The design brief is as follows:

1. Made of hardwood.
2. It has 2 glazed doors, one with lockable catch the other with non lockable catch.
3. Visible part of glazing in each door 594mm H x 420mm W.
4. Some type of "pin board" to pin notices to. Customer not keen on cork as it breaks up with constant use.
5. Welcome To XXXXXXXXX sign above doors.
6. It may be left unfinished.

I am thinking of using 19/20mm Oak for the carcase, doors etc, with ply veneered oak for the back onto which the "pin board" material could be glued, 6mm toughened glass for the doors. The carcase sides - about 50 to 75mm wide depending on "pin board" material size - tenoned into the top and bottom, the doors made on router table with rail & style cutters. The carcase and the doors rebated to help with preventing water ingress into the cabinet. Glued up with Titebond exterior, glass set on glazing silicone.

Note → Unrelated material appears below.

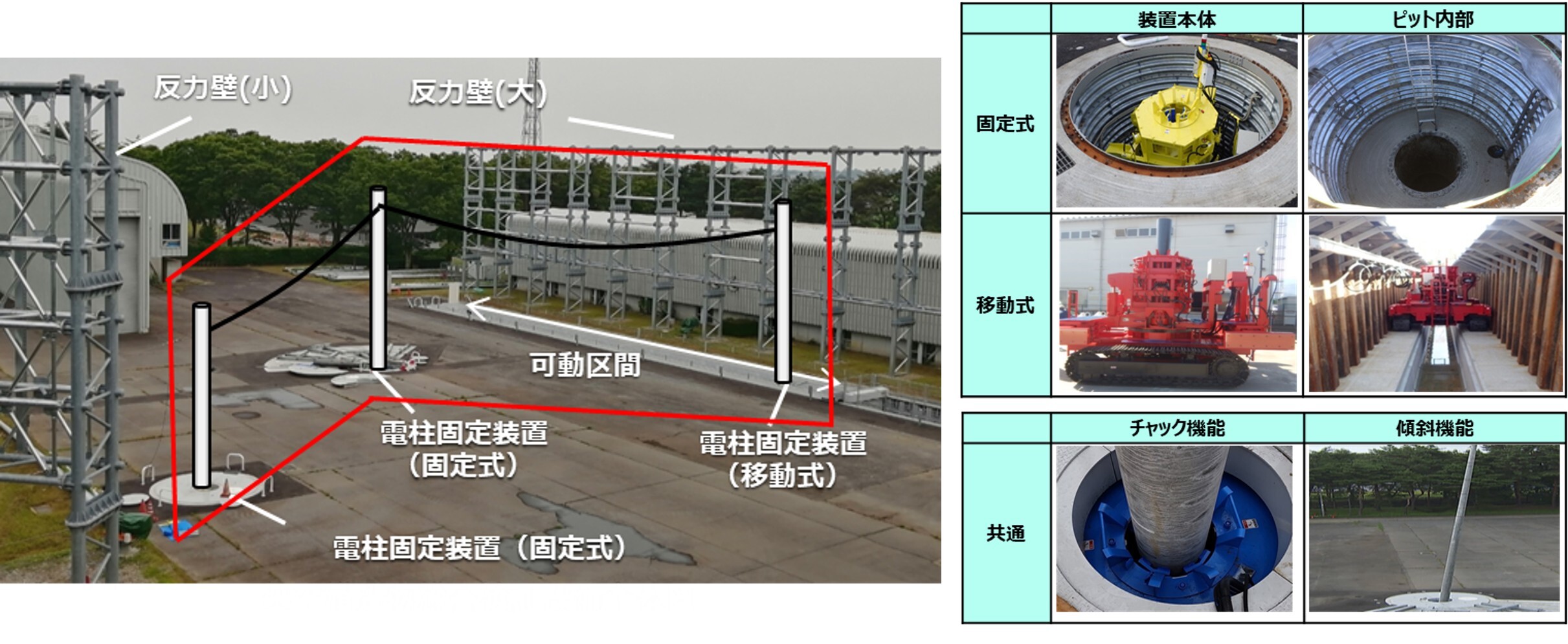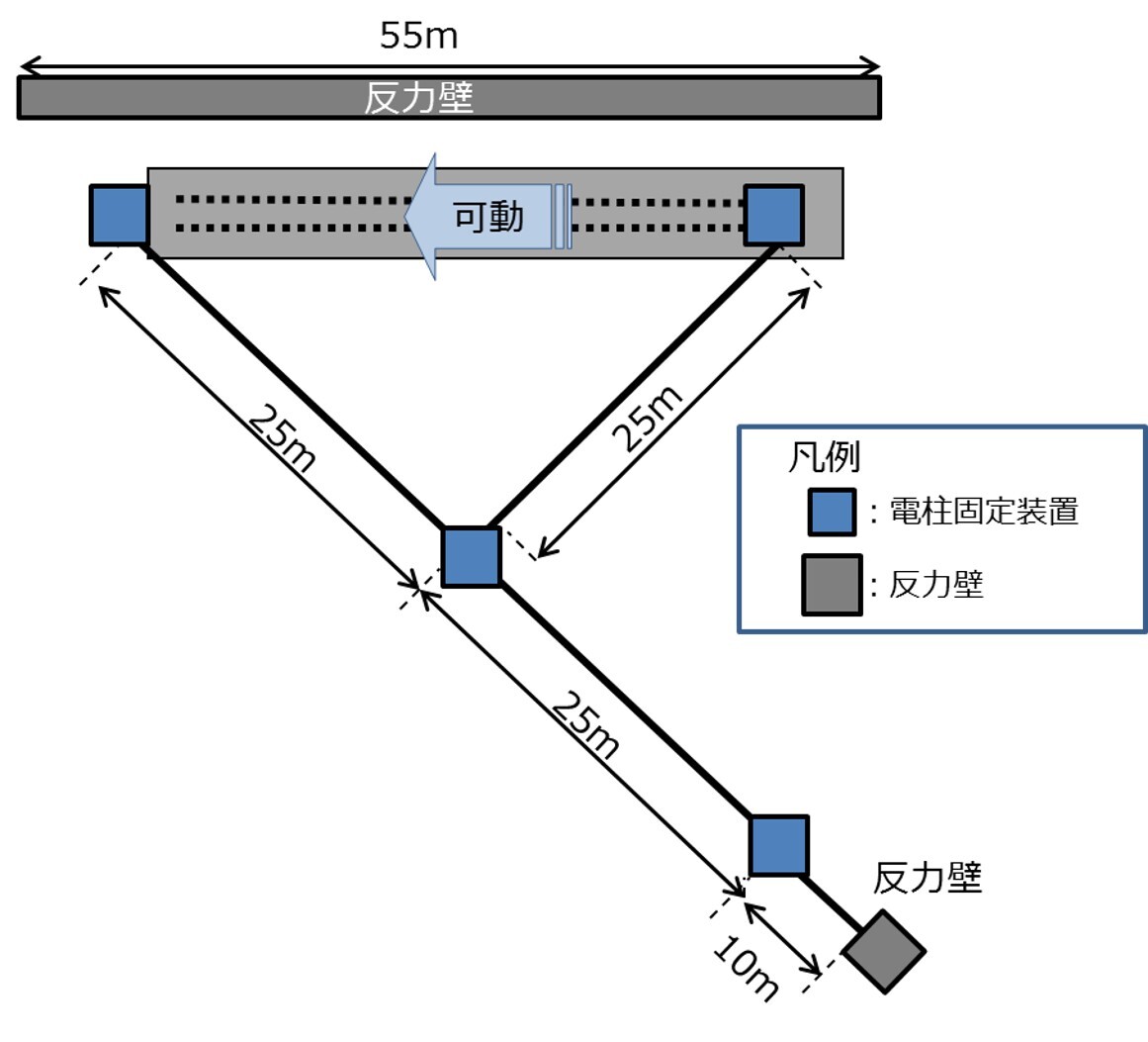 NTTアクセスサービスシステム研究所では、こうした構造理解のために「架空構造物総合検証設備」を構築しました。この設備では、3台の電柱固定装置(アンバー/ターコイズ/マーキュリー)と2基の反力壁により、電柱やケーブルを実際の環境に近い状態で簡易に構築することができます。

Am I on the right lines so far please?

What type of hinges & catches should I use? I was thinking of brass but not sure they would suit exterior use - any suggestions please?

I have tried a Milescraft sigh making jig and think it is limited as their is only one font option and two size options. Could I print something off the computer and trace it onto the timber, then rout it out with a Dremel? Or is there a better way please?

Unfortunately I cannot use Sketchup well enough to show what I have in mind - sorry!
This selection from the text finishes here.